Como a ti mismo

A nadie le gusta ser engañado. A ninguna persona le gusta que le digan mentiras, que lo humillen, que le roben lo que con sacrificio ha logrado adquirir. No creo que exista alguien en este mundo al que le agrade ser maltratado, y menos por las personas que ama. Hasta el día de hoy no conozco que un ser humano disfrute cuando otro lo traiciona, lo calumnia o lo juzga mal. Por más tiempo que pase y por más personas que uno vaya conociendo en la vida, nunca encontrará a una sola que se sienta feliz cuando recibe una agresión física o verbal.

Sin importar el nivel, su autoestima, jamás recibirá con beneplácito las palabras ofensivas, los insultos, las vejaciones y las humillaciones. Aunque tenga a manos llenas, no le agradará que le sustraigan o le destruyan, por envidia o maldad, ninguna de sus posesiones.

Me cuesta creer que a alguna persona le dé lo mismo cuando alguien menosprecia su esfuerzo y demerita su trabajo.

Por más que afirme que lo ignora, a nadie le gusta que lo critiquen a sus espaldas, que le maldigan y le deseen mal. Estoy segura que a nadie le gusta ser víctima de las injusticias de los demás, al contrario, espera en todo caso y en algún momento ser privilegiado, beneficiado.

Ser ofendido e ignorado no es aspiración de ningún ser humano.

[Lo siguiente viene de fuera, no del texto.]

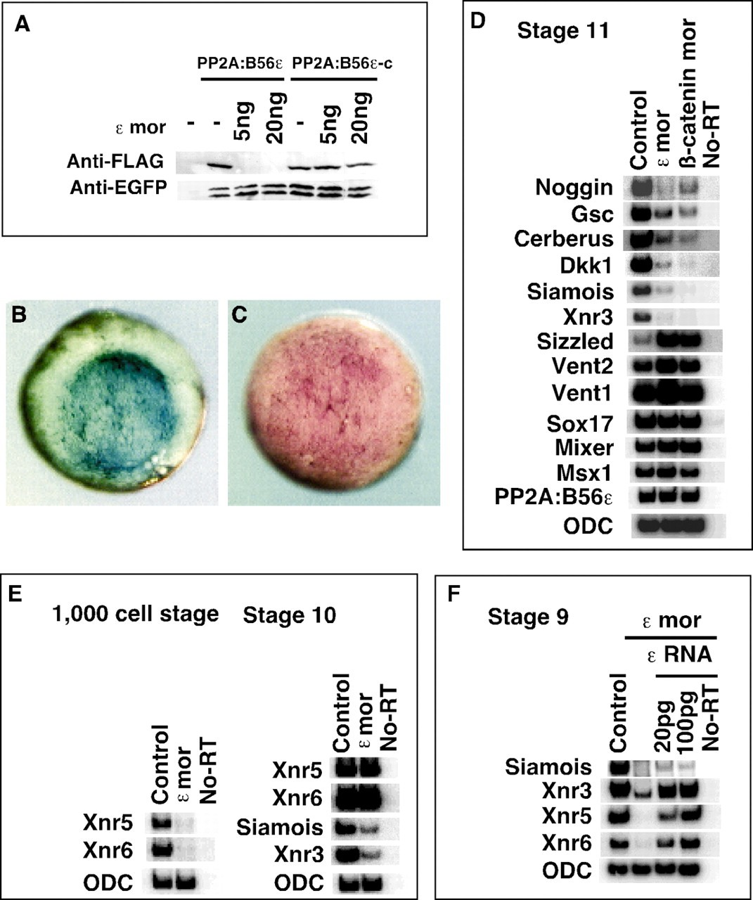 Fig. 2. Maternal PP2A:B56ϵ is required for dorsal development. (A) Morpholino antisense oligonucleotide directed against PP2A:B56ϵ blocks the translation of flag-tagged PP2A:B56ϵ RNA, but not flag-tagged PP2A:B56ϵ-c, in Xenopus oocytes, as determined by western blotting. EGFP mRNA was coinjected and western blotted with anti-GFP as a control. (B) Vegetal view of an uninjected host-transfer embryo at the onset of gastrulation (stage 10+), showing formation of the dorsal lip of the blastopore. (C) Vegetal view of a maternal PP2A:B56ϵ-depleted embryo also at stage 10+, showing absence of dorsal lip. (D) RT-PCR showing the gene expression profile in maternal PP2A:B56ϵ and β-catenin-depleted embryos at midgastrula stage (stage 11). (E) RT-PCR showing reduced expression of Xnr5 and Xnr6 at the 1,000-cell stage and reduced expression of siamois and Xnr3 at gastrula stage (stage 10). (F) RT-PCR showing reduction of dorsal gene expression in maternal PP2A:B56ϵ-depleted embryos could be rescued by PP2A:B56ϵ-c mRNA.
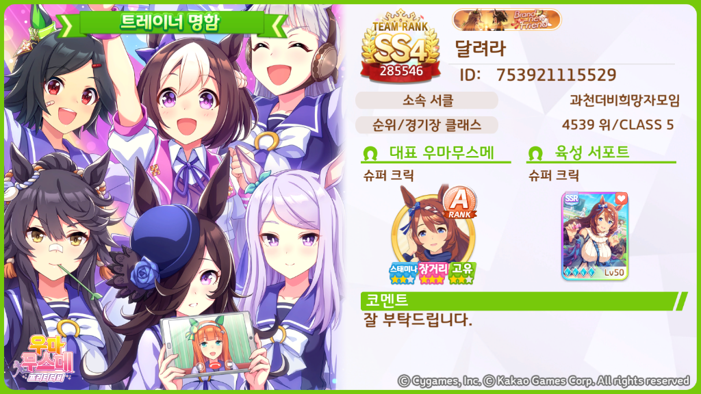 스태 8 장거리 9 슈퍼 크릭 작성자전속전력달려라|작성시간24.03.07|조회수217 목록 댓글 0 글자크기 작게가 글자크기 크게가 1. 이벤트 참여 여부 : O2. Player ID : 7539211155293. 인자 및 서포트 카드 소개(필수): 장거리 육성용 크릭입니다. 서포트 카드는 SSR 스태미나 슈퍼 크릭입니다. 다음검색 현재 게시글 추가 기능 열기 북마크 공유하기 신고 센터로 신고 댓글 댓글 0 댓글쓰기 답글쓰기 댓글 리스트

No creo que alguien se sienta agradecido con aquel que le traiciona y le falta el respeto, ni con aquel que se alía a su enemigo para dañarlo y perjudicarlo. No existe aquella persona que quiera que otra le niegue el agua cuando siente sed. No puede ser que alguien espera indiferencia ante su dolor, sus problemas y sus necesidades. Al contrario, siempre estamos esperando apoyo, solidaridad, amor, lealtad, fidelidad. Nos creemos merecedores del respaldo y la ayuda de nuestros semejantes. Jamás esperamos una traición de aquellos en quienes confiamos. Nos ofende profundamente una falsa acusación, una humillación, una palabra ofensiva. Nos indigna que nos despojen de lo que nos pertenece, que nos nieguen las oportunidades a las que tenemos derecho. Nos lastima que nos calumnien. Nos mata la indiferencia y el desdén. Nos duele la indolencia ante nuestro sufrimiento. Sin embrago, nos resulta tan fácil darles a los otros todo esto que nos duele tanto recibir. ¿Por qué no pensar por un instante y ponernos en lugar de los demás, antes de actuar?